Снова возвратились на ту сторону Немана.
Тогда переправлялись ночью, теперь — днем. Помыли в Немане сапоги и руки. На берегу, возле того места, где я мыл руки, очень воняло от дохлой телки. Озимь на крестьянских полях перемешана с грязью, весной здесь ничего не вырастет. Вид перед нами открывался необычайно красивый. Внизу, на земле, еще сыро от инея, а верхушки деревьев уже залиты багрянцем осеннего солнца.
И сегодня попал я на бунтарский разговор какого-то присланного накануне лохматого запасника.
— Дурни мы все, вот потому нам трудно, и мы тут таскаемся…
Солдаты действительной службы с патриотическим задором сразу осадили его. Но вроде бы и стыдно им было, вроде бы и чувствовали себя немного дурнями…
10 сентября.
Пишу после голодного обеда голодный и греюсь у костра.

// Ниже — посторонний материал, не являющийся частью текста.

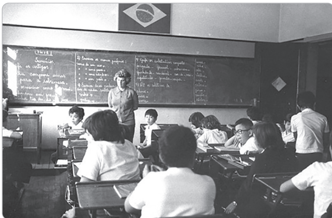
Figura 2.3 – Exemplo de sala de aula nas escolas brasileiras durante a ditadura militar.

Em outubro de 1966, o então presidente Castelo Branco assina o decreto que cria a Comissão do Livro Técnico e do Livro Didático (COLTED). Entre as bases que estruturam esse decreto, consta que “deve o Estado manter-se numa atitude ao mesmo tempo atuante e vigilante, cabendo-lhe participar diretamente, quando necessário, da produção e distribuição de livros dessa natureza”. (BRASIL, 1966, n.p)
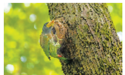
大拟啄木鸟筑爱巢。好摄之友@阿仔顺法
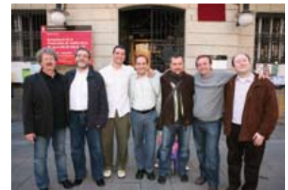
Membres del G6
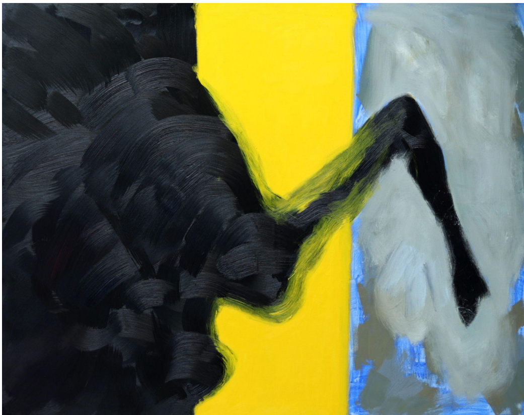
(Příloha č. 10)
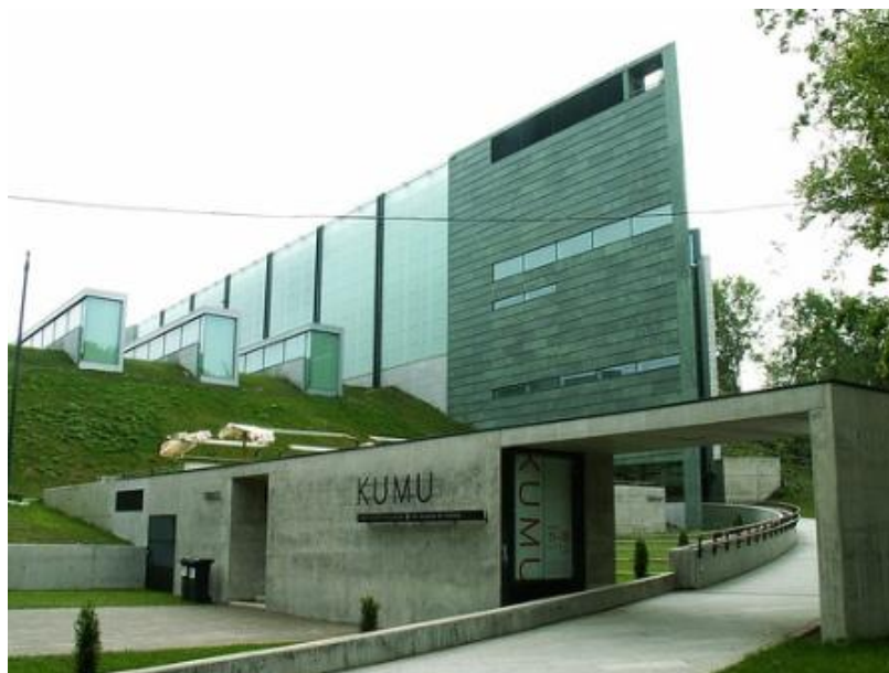
3 paveikslas. „Kumu“ meno muziejus Estijoje

(Pav. šaltinis http://www.flickr.com/photos/20792787@N00/339667821/ )
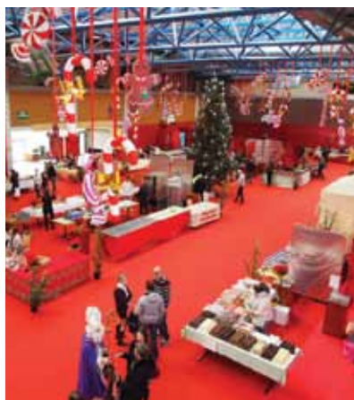
Le marché aux sucreries à la salle Herinstein
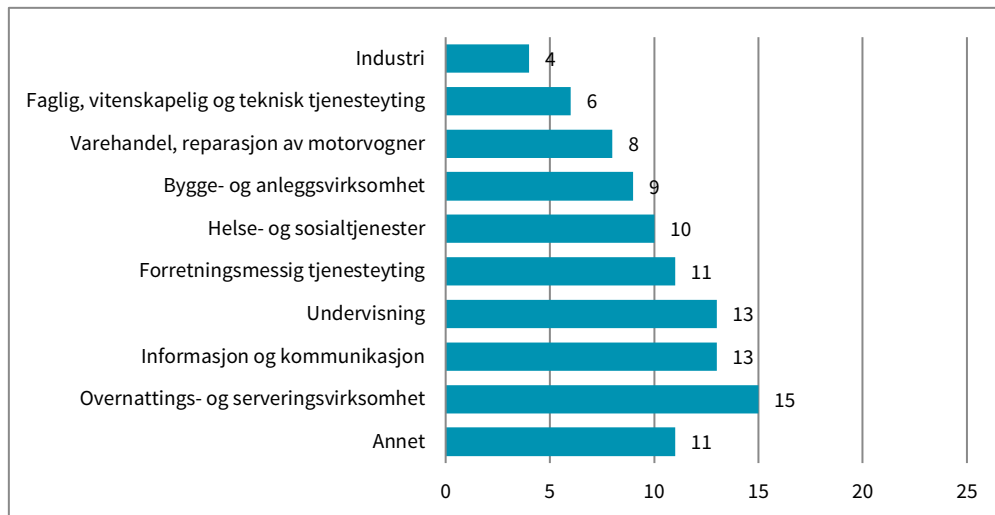
Figur 1.1 Bosatte arbeidstakere fra tredjeland, første år i Norge 2015–2018, i jobb 4. kvartal 2018, innvandret pga. arbeid. Etter hovednæring. Prosent (N = 9068)

Sysselsettingsstatistikken fra SSB 6 kan fortelle mer om hvilke bransjer arbeidsinnvandrerne jobber i, og hvor mange som er sysselsatt på gitte tidspunkter. I figur 1.1 vises arbeidstakere fra tredjeland som er registrert med første år i Norge i perioden 2015–2018, og som var i jobb fjerde kvartal 2018. Arbeidstakere som er kommet til landet på grunn av utdanning, og som senere har gått over i arbeid, er ikke tatt med i tallene.
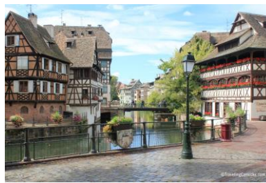
La Petite France
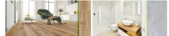
Pavimentos y revestimientos

Ventanales y balconeras de aluminio lacado con rotura de puente térmico y acristalamiento doble con cámara tipo Climalit 4/12/3+3 o superior. Correderas o batientes según dimensiones y estancias; Persianas; Barandillas de acero.
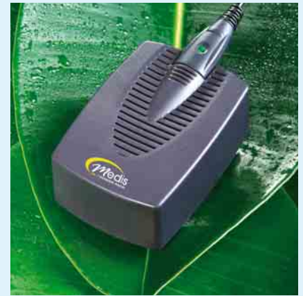
3 Ladegerät für den einmaligen Gebrauch

Mit führend im Bereich der mobilen Brennstoffzellen-Telefonie ist derzeit Toshiba. Der asiatische Konzern entwickelte ein System, dessen Mikro-Brennstoffzelle eine Dauerleistung von 300 mW bietet, wobei das Methanol
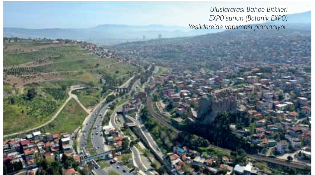
Uluslararası Bahçe Bitkileri EXPO'sunun (Botanik EXPO) Yeşildere'de yapılması planlanıyor.

■ Yeşildere'de kurulacak fuar alanı tematik sergilerin, dünya bahçelerinin, sanat, kültür, gıda ve diğer etkinliklerin yapılacağı önemli bir cazibe merkezi olacak.
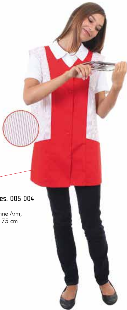
MARLIES Des. 005 004

Damenkasack ohne Arm, Rückenlänge ca. 75 cm

Ночью заорали: «Снаряжай!» Часа в два. А потом промучили в неизвестности и ожидании и выехали только часов в пять.
Снова назад за Неман. Какое-то проклятье гоняет нас с берега на берег. Это проклятье наконец подает свой голос: верст за десять впереди нас загрохотали немецкие орудия, которых давно было не слыхать.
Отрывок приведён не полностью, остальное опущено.